Pi0 is an advanced Vision-Language-Action (VLA) model that can quickly adapt to specific robot tasks through few-shot fine-tuning.

This document is based on the LeRobot framework and uses the pre-trained Pi0 model (lerobot/pi0) for fine-tuning on custom robot datasets.

Prerequisites

  • Have a dataset in LeRobot format (refer to the LeRobot dataset export guide in the previous section)
  • Need to adapt the Pi0 model to specific robot hardware, tasks, or control strategies
  • Familiar with PyTorch and the Hugging Face ecosystem training process
  • Basic experience in deep learning model training

Fine-Tuning Overview

Fine-tuning is the process of further training a pre-trained model using domain-specific data, typically involving fewer iterations.

The Pi0 model has been pre-trained on diverse robot tasks, possessing general visual perception, language understanding, and action generation capabilities.

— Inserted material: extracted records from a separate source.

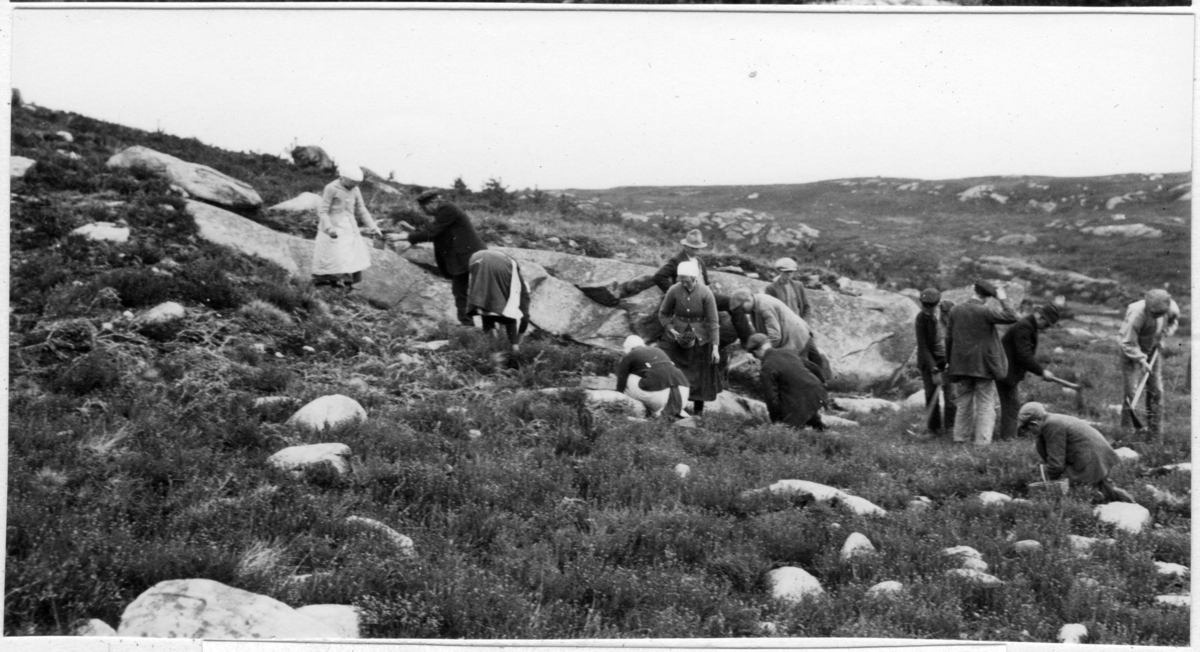 'Bildtext: ''Skogsplantering.'' Vy med en grupp, ca 15 st, kvinnor och män i arbete i skogsplantering på blockig mark. :: :: Fotonr. 7046:307-328 indelade som ''Skogsodling och självsådd.'' Ingår i serie med fotonr. 7046:1-383, 7047:1-33 och 7048:1-67 med bilder från Länsjägmästare John Lindners bildarkiv.'
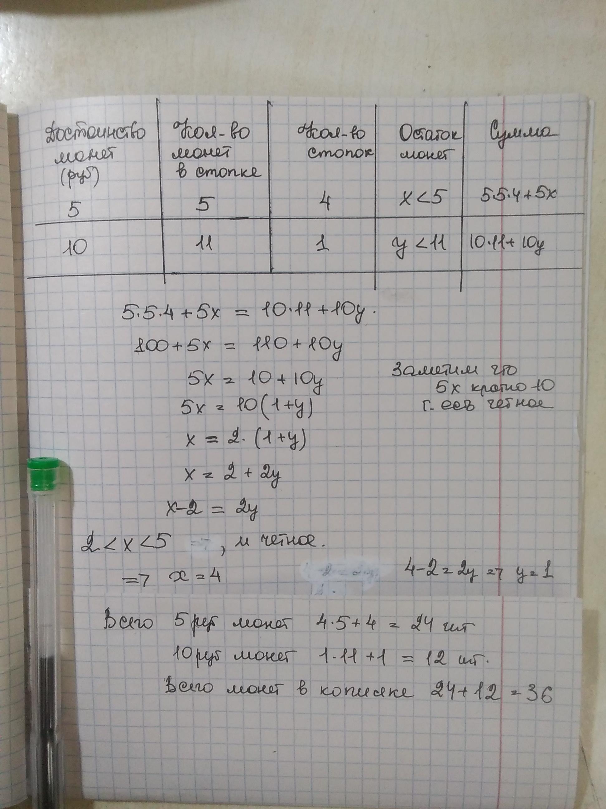 У Димы в копилке лежат монеты по 5 рублей и по 10 рублей. Если все пятирублёвые монеты, которые лежат в копилке, сложить в стопки по 5 монет, то получится четыре полных стопки, а пятая неполная. Если же сложить десятирублёвые монеты в стопки по 11 монет, то получится одна полная стопка, а вторая неполная. Сколько всего рублей у Димы в копилке, если пятирублёвые монеты составляют такую же сумму (в рублях), что и десятирублёвые?
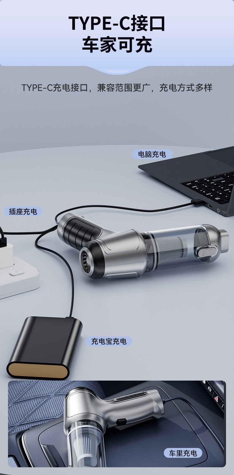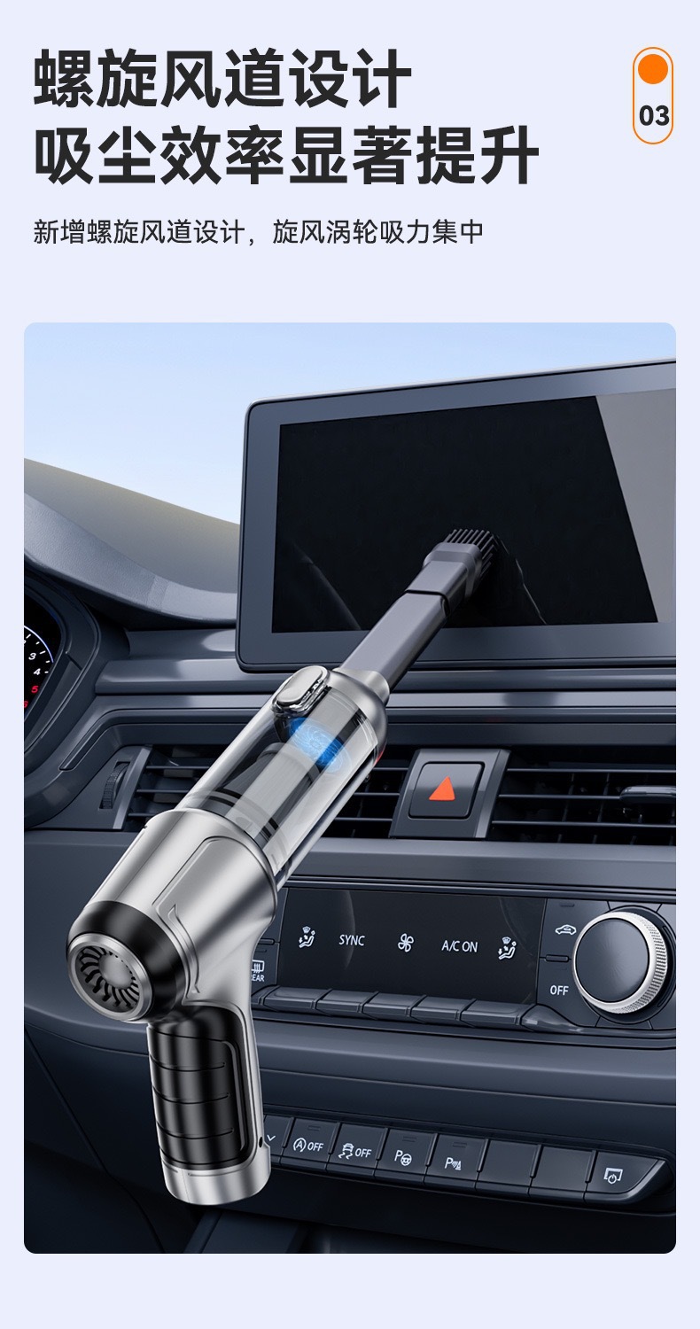 車の掃除機は無線で風を吹いて息を吸って、ブラシなしで大きな吸引力で空気を入れて充電します。
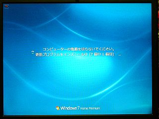 就寝直前に始めた“更新(UpDate)”が、眠いのに、なかなか終われない...「電源を切るな!」って、何時終わるのか分からないままで、終わらせてくれないのだ。(左写真 泣)
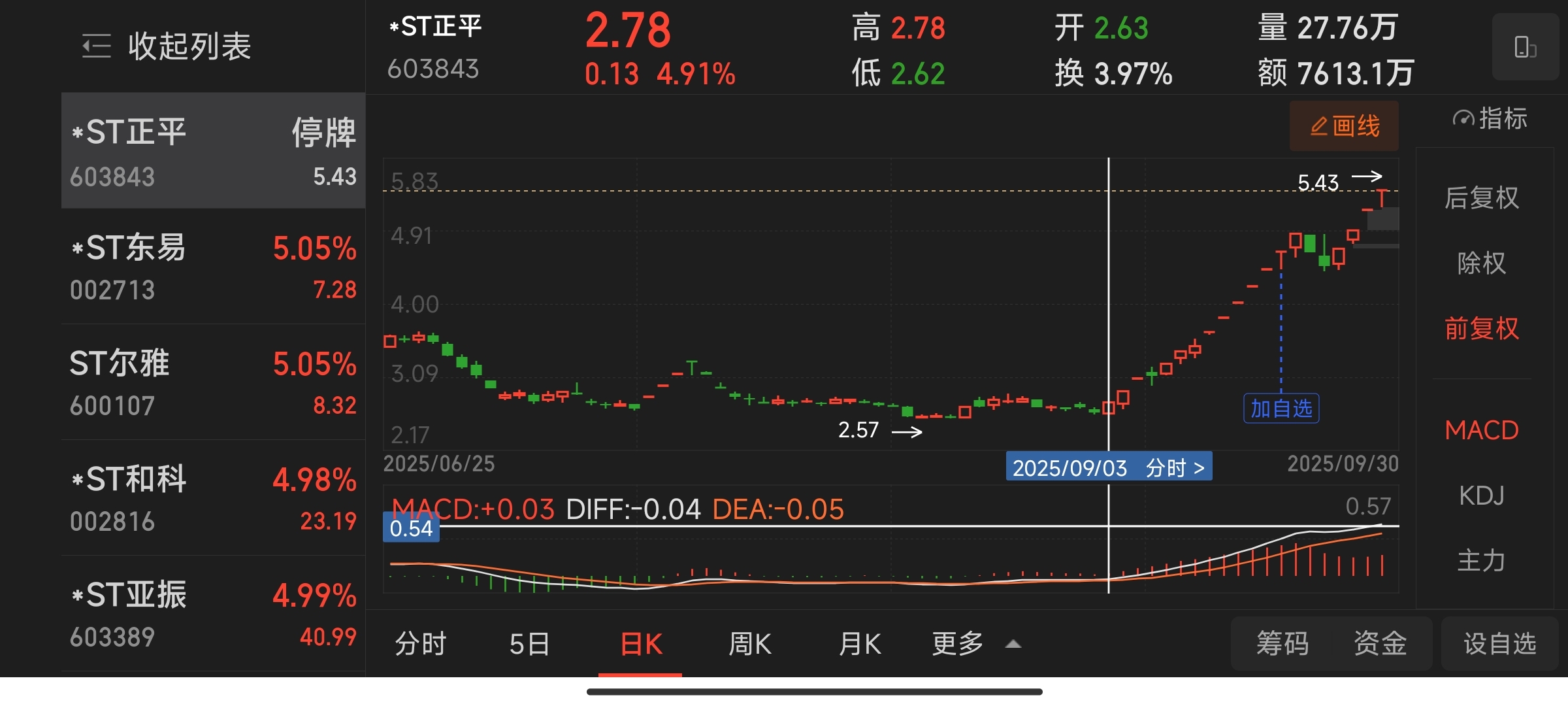 $*ST正平(SH603843)$ 正平这票从9月3号2.78起涨到9月30号5.43,严格意义上来说,实打实的一字涨停板也就只有六个而已,主要是靠换手板走上来的,所以不要担心买不进正平,只要你想进,有的是机会进,未必就会连续一字涨停,

Through fine-tuning, Pi0 can achieve:

  • Environmental Adaptation: Adjust to specific camera views, lighting conditions, and mechanical structures
  • Task Specialization: Optimize performance for specific tasks (e.g., object grasping, classification, or placement)
  • Precision Improvement: Significantly enhance control accuracy and success rate in target tasks

In simple terms: Pre-trained models know a lot, but not necessarily about you; after fine-tuning, they understand you.

Environment Preparation

System Requirements

Ensure your environment meets the following requirements:

  • Python ≥ 3.8 (recommended 3.10 or higher)
  • GPU: At least 32GB VRAM (Pi0 is a large-scale model, recommend NVIDIA V100 or higher performance GPU)
  • Memory: At least 64GB system RAM
  • Storage: Sufficient disk space for datasets and model checkpoints

Install Dependencies

# Clone LeRobot repository (primary)
git clone https://github.com/lerobot-ai/lerobot.git
cd lerobot/

# Install LeRobot framework (including Pi0 support)
pip install -e ".[pi0]"

# Verify installation
python -c "from lerobot.policies import Pi0Policy; print('Pi0 installed successfully!')"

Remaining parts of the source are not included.